In the listing below, locate the line that contains "Luigi Kasimir (1881-1962)" and the line that contains "Figuur 3.2 |". Restate word for word those two lines and every line between them, and nothing else.

** Opening RECORD EXCERPTS block **

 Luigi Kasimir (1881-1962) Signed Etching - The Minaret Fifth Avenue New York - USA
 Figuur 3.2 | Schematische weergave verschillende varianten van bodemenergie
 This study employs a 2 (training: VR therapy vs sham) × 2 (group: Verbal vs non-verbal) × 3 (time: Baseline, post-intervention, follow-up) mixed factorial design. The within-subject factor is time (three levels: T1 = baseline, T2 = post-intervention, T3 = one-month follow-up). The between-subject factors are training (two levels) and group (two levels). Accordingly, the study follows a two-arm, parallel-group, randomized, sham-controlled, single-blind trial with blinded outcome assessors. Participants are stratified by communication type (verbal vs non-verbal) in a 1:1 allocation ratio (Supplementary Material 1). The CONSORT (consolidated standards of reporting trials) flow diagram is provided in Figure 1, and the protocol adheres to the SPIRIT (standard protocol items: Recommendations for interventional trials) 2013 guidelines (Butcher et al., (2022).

** Closing RECORD EXCERPTS block **
** Opening RECORD EXCERPTS block **

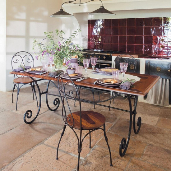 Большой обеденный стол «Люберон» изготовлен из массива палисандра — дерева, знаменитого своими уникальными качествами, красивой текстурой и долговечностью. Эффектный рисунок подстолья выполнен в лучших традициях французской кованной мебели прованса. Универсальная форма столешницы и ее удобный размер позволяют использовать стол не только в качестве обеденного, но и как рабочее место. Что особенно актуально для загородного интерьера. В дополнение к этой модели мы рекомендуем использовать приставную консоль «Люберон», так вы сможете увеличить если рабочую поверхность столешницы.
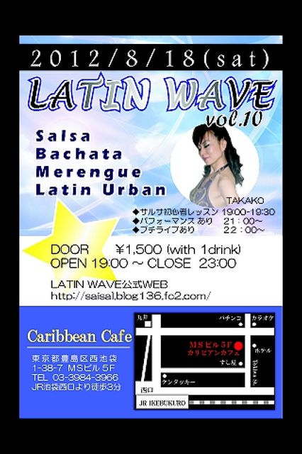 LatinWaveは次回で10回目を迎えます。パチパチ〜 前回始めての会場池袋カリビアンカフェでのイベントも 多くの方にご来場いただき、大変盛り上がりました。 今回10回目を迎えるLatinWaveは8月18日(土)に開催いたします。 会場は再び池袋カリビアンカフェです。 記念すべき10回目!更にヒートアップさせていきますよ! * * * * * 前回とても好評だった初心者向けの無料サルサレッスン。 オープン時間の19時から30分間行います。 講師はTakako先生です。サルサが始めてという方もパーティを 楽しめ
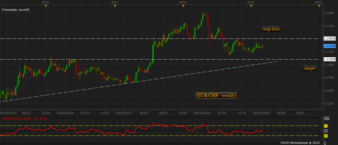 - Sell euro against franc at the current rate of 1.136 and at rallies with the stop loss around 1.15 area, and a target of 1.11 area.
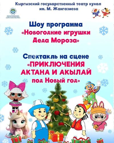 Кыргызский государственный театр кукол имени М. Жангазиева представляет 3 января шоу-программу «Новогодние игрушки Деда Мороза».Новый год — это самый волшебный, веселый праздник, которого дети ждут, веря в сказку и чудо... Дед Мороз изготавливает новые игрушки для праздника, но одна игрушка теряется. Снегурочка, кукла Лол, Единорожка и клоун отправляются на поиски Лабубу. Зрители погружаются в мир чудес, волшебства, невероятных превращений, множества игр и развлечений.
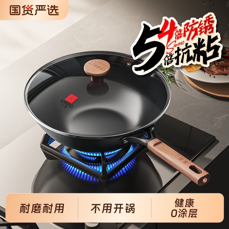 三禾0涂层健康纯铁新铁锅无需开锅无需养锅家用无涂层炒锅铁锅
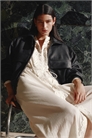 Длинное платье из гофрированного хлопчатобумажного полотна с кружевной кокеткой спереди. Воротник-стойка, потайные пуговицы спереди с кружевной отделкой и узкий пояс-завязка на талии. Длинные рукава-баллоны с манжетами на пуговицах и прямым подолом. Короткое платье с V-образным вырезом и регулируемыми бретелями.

** Closing RECORD EXCERPTS block **
** Opening RECORD EXCERPTS block **

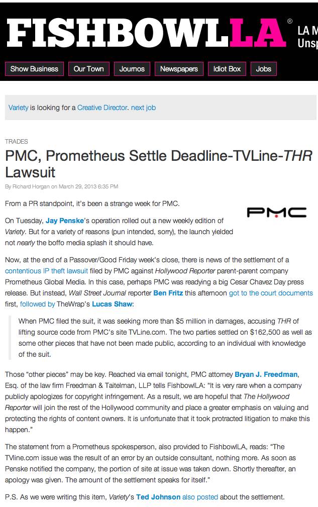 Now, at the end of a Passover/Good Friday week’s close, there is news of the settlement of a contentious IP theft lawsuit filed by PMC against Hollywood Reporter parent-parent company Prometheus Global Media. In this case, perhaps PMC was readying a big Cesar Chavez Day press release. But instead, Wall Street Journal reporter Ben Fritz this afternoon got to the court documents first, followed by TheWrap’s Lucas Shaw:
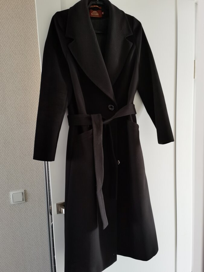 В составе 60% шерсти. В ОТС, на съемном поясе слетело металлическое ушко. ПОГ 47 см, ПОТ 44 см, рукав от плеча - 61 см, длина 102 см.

** Closing RECORD EXCERPTS block **

** OUTPUT OF THE TASK **
 Luigi Kasimir (1881-1962) Signed Etching - The Minaret Fifth Avenue New York - USA
 Figuur 3.2 | Schematische weergave verschillende varianten van bodemenergie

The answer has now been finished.